Wednesday, June 20, 2012

e coli is not my friend

It's been a long while since I've posted anything.  First, Tax Season hit and then I got sick.  Really, really sick.

On May 14th I woke up with a high fever and a lot of pain in my lower left abdomen and back.  I got progressively worse throughout the day so around 2pm my husband took me to the ER.  By 8pm I was admitted and I was there for 6 days.

I had a massive infection in my kidneys that was caused by a very drug-resistant form of e coli.

I was released from the hospital on May 20th but was released on oxygen during activity.  What this meant is that any time I was doing anything except sitting on the couch or lying in bed I had to wear oxygen.  Our insurance company delivered all the oxygen equipment to our house including a concentrator, back-up tank and 5 small tanks to take on trips outside of the house.  I had developed fluid on my lungs from the infection and all the fluids they gave me in the hospital hence why I had to have the oxygen.

Thankfully, within about 5 days at home I no longer needed the oxygen.  Whew!

A few days after coming home I started running fevers and developed pain on the right side.  More tests were done by my doctor's office and they found the e coli bug had jumped over to my other kidney and I was still infected with it.

But luckily I did not need to go back in to the hospital as an inpatient.  Instead, we rushed over to the Short Stay unit at the hospital where they inserted a PICC line in to my arm.  I then returned to the hospital every twelve hours for 7 days for an infusion of antibiotic in to my veins.
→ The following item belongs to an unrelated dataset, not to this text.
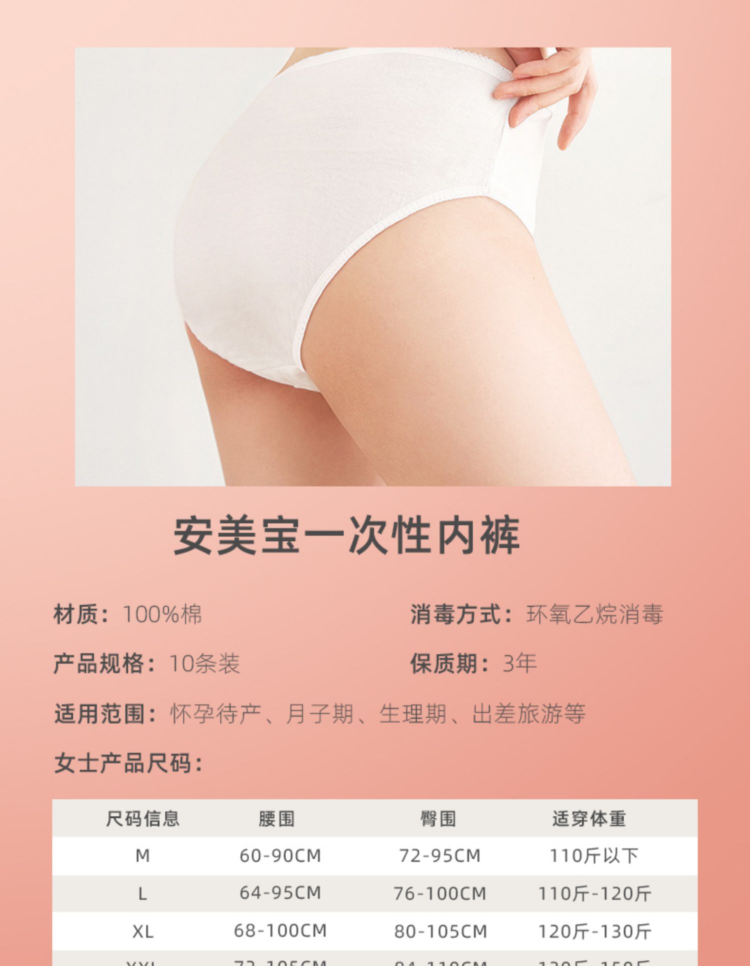 亲肤纯净全棉,EO灭菌,贴身穿超放心~无荧光剂,舒适透气,独立包装,适用于临产期,月子期,女性生理期,外出旅游等,男,女性人群。

The antibiotic killed what little appetite I had thus further decreasing my energy levels so it was a very rough week.

Flash forward 2.5 weeks and I now have the PICC line out of my arm and my appetite and energy levels are much improved.  But the pain on the right side has remained and in the past few days has gotten significantly worse.  But the fevers are still gone.

I am on painkillers for the pain and had a CT scan today that will hopefully shed some light on what is causing the pain.  I see my doctor tomorrow afternoon and I look forward to him having some answers for me.

During all of this I have had to discontinue the Humira that keeps my Crohn's Disease under control and I cannot start it again until we are absolutely sure the infection is gone.  So I do feel my CD starting to act up but so far it's been relatively minor.

The outflow of love and support my husband and myself received was humbling.  You really do find out who your true friends are when things like this happen.  Our pastor was extremely caring and supportive and even visited me in the hospital to show his concern and to pray with us.

So many people have sent their love and prayers I've lost count.  I received flowers, plants and even cards in the mail.  And one of my favorite clients even sent one of those edible arrangements to my hospital room.  And he's in New York!

But through this all I have discovered that family I thought I have I do not have.  Despite our connection on facebook and the many many updates about my condition that were posted by both my husband and myself to my facebook page, I have heard absolutely NOTHING from two of my cousins.  This hurts me beyond words.  The half a minute it would have taken them to post a few words of support on my wall would have meant the world to me.  It's ironic too as one of those cousins has expressed to me in the past how she thinks the generations ahead of us did such a crappy job of staying in touch with each other and she hoped we could set a better example.

I don't mean for this to sound like I am ungrateful to the people who did show their love.  I am unbelievably grateful but I am still really, really hurt but the complete disregard people who are supposed to be family to me have shown.  I hope that by expressing my feelings here I can let it all go and move on.

I still have a lot of healing to do and some uncertainty as we face what is causing the pain I am experiencing.  There is a high probability that surgery is in my near future.